Abdullah b. Hanzale’den -Allah ondan râzı olsun- merfu’ olarak gelen hadiste Nebi -sallallahu aleyhi ve sellem- şöyle buyurmuştur:

"Kişinin bilerek yediği bir dirhem fâiz, otuz altı zinâdan daha şiddetlidir."[4]

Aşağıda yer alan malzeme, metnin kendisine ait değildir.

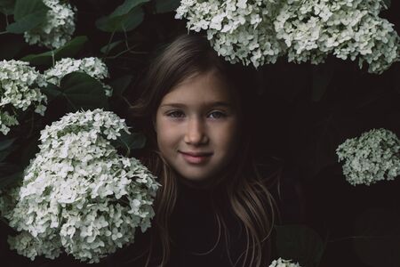 Cute little girl in blooming hydrangeas. Person and flowers on dark natural background. Child enjoying bouquet outside. Going to park, forest in summer and spring. Connection with nature idea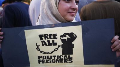 A woman holds up a sign at a demonstration in Cairo demanding freedom for all political prisoners in July 2012. (AFP/Gianluigi Guerci)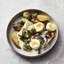 Rosenkohl-Kartoffel-Auflauf mit Birnen-Walnuss-Sprinkle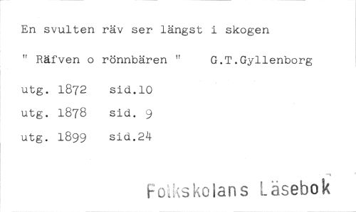 //// En svulten räv ser längst i skogen //// " Räfven o rönnbären G.T.Gyllenborg //// utg. 1872 sid.10 //// utg. 1878 sid. 9 //// utg. 1899 sid.24 //// Fc,,skolans Läsebok ////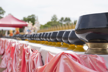 Monk's alms-bowl in temple, stock photo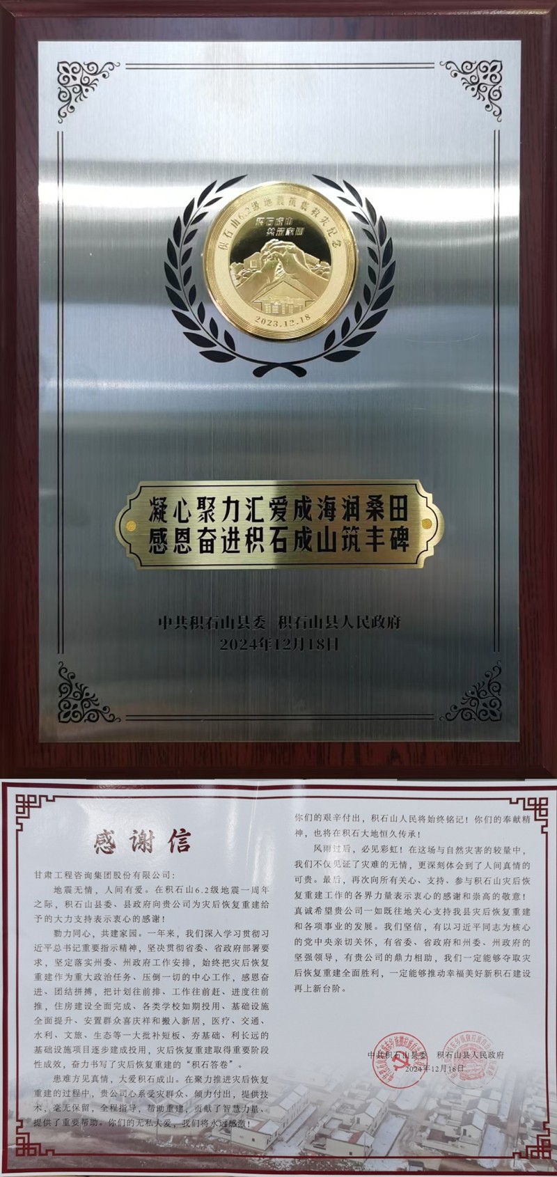 1月22日,時值北方農歷小年。中共積石山縣委、積石山縣人民政府為甘肅工程咨詢集團送來感謝信,對甘肅工程咨詢集團在災后恢復重建給予的大力支持表示感謝,并致以節(jié)日問候。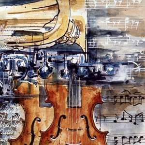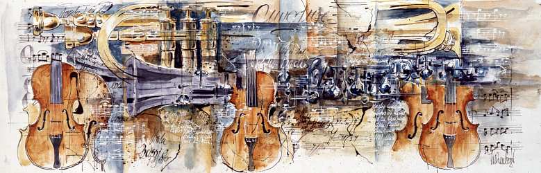 Ein Motiv, das den Einsatz der Trompeten, Klarinetten und Streicher in einem Teil des Stückes portraitiert.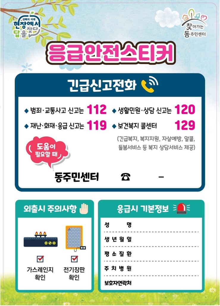 성북구는 지난달 ‘응급안전 안내문’을 제작하고 3월부터 1인 가구·치매·고령 어르신 등 안전 취약계층을 대상으로 집중 배부하고 있다. 복지담당 직원이 가정방문을 통해 직접 전달하고, 동주민센터에 비치해 필요로 하는 구민이라면 누구나 제공하고 있다.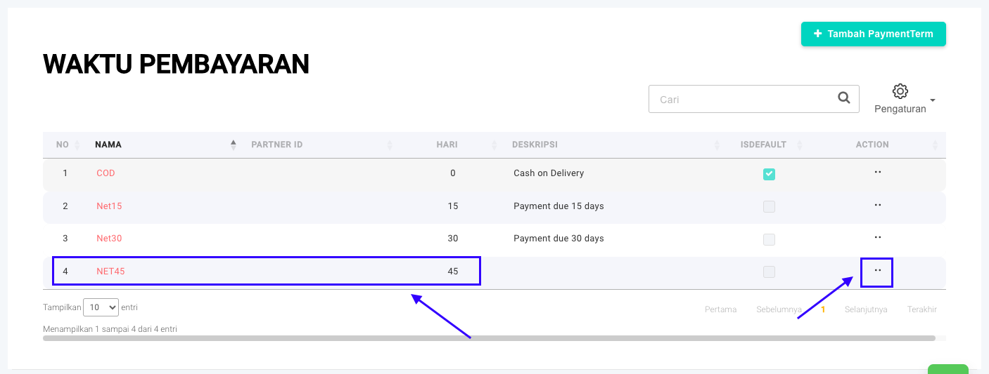 **Step 2.1:** Klik **Nama** pada Waktu Pembayaran yang akan dihapus.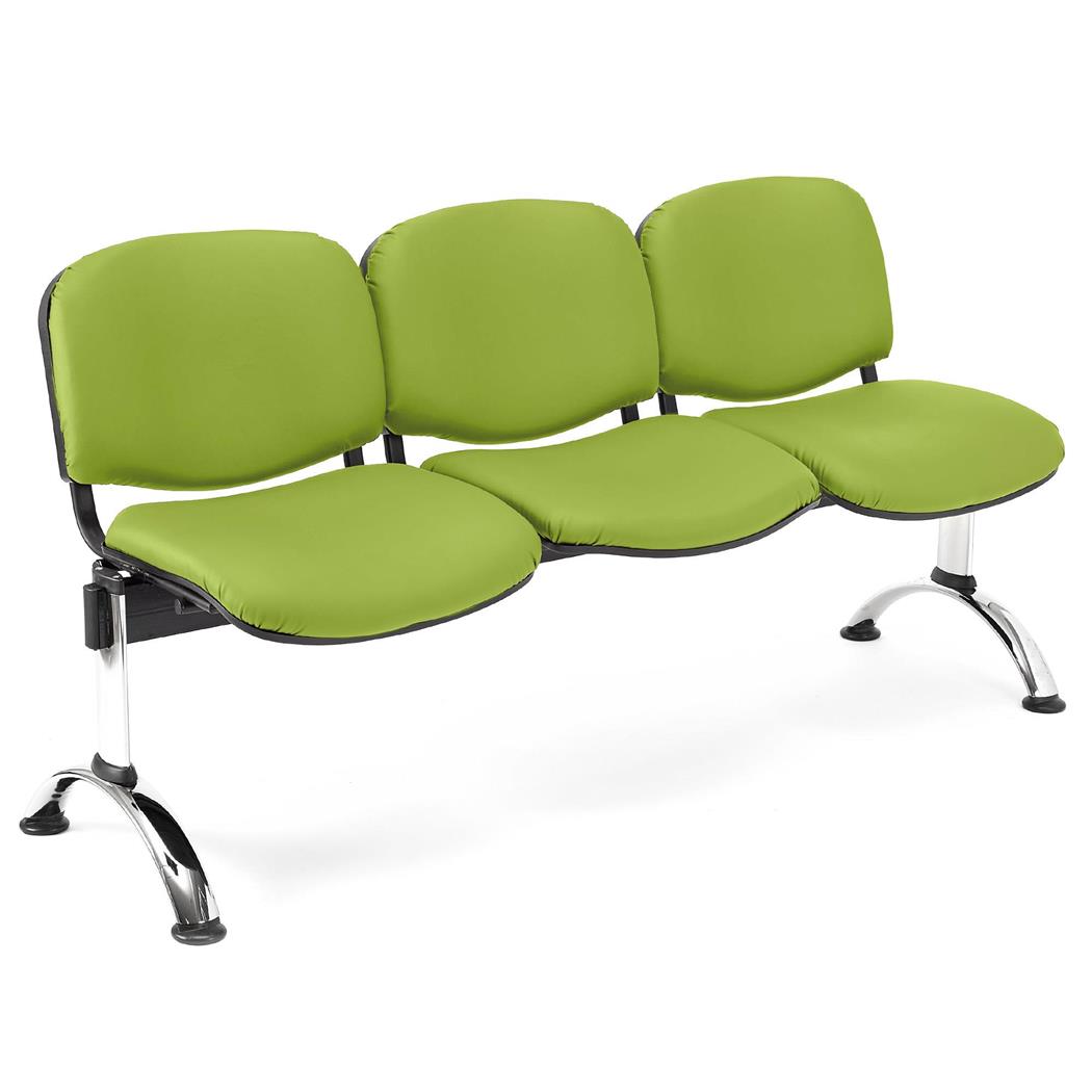 Wachtbank 3-zits MOBY LEDER, Metalen Structuur, Dikke Vulling, Groen

Fâizin haramlığı geneldir.Bazı kimselerin zannettikleri gibi, zengin ile fakir arasında olmakla sınırlı değildir. Aksine her durum ve kişi hakkında geneldir. Nice zenginler ve büyük tüccarlar, fâiz sebebiyle iflas etmişlerdir. Günümüzde yaşanılanlar bunun en güzel şâhididir. Mal, miktar olarak artsa bile, en hafifi, onun bereketinin kaybolmasıdır.

Nitekim Nebi -sallallahu aleyhi ve sellem- bu konuda şöyle buyurmuştur:

"Fâiz çokluk getirse bile, şüphesiz sonunda bir azlık (noksanlık) olacaktır."[5]

Fâizin haramlığı; oranının yüksek ve düşük olması veya az ve çok olmasıyla sınırlı değildir. Dolayısıyla fâizin hepsi haramdır.

Fâiz yiyen kimse, kıyâmet günü, şeytan çarpmış kimsenin cinnet nöbetinden ve saradan kalktığı gibi mezarından kalkar.Bu suçun çirkinliğine rağmen, Allah Teâlâ ondan tevbe edilebileceğini ve nasıl tevbe edilmesi gerektiğini haber vermiştir.

Nitekim Allah Teâlâ fâizcilere şöyle buyurmuştur:

"Eğer fâizcilikten tevbe ederseniz, sermayeleriniz (ana paralarınız) sizindir. Böylece ne haksızlık eder, ne de haksızlığa uğrarsınız."[6]

İşte bu, adâletin ta kendisidir!

Mü'minin, bu büyük günahtan nefret etmesi ve çirkinliğini kalbinde hissetmesi gerekir.Hatta kaybolmasından veya çalınmasından korktukları için paralarını zorunlu olarak fâizli bankalara yatıranların da,açlıktan dolayı zorunlu olarak leş yiyen veya daha kötü bir durumda olan kimse gibi, zaruret durumunda olduklarını hissetmeleri gerekir. Bununla birlikte Allah Teâlâ’dan bağışlanma dilemeleri ve mümkün olduğunca başka bir çare bulmak için uğraşmalıdırlar. Bu kimselerin bankalardan paralarının fâizini istemeleri câiz değildir. Hatta hesaplarına parasının fâizi eklenmiş olsa bile, sadaka kastıyla değil de câiz olan bir yerde harcamak için fâizden kurtulması gerekir. Çünkü Allah, temizdir; ancak temiz olan şeyleri kabul eder. Fâizden herhangi bir şekilde yararlanması da câiz değildir. Ne yeme ve içmede, ne giyinmede, ne araba ve ev edinmede; ne eşine, çocuğuna, anne ve babasına yapması gereken harcamada; ne zekat olarak vermede, ne vergilerini ödemede, ne de bir haksızlığı gidermede kullanabilir. Sadece Allah Teâlâ’nın azabından korkarak ondan bir şekilde kurtulur.



-------------------


[1] Bakara Sûresi: 278-279

[2] Müslim, 3/1219.

[3] Hakim, Müstedrek: 2/37, Bkz. "Sahîhu’l-Câmi’", hadis no: 3533.

[4] Ahmed Müsnedi, 5/225, Bkz. "Sahîhu’l-Câmi’", hadis no: 3375.

[5] Hakim, Müstedrek: 2/37, Bkz. "Sahîhu’l-Câmi’", hadis no: 3542.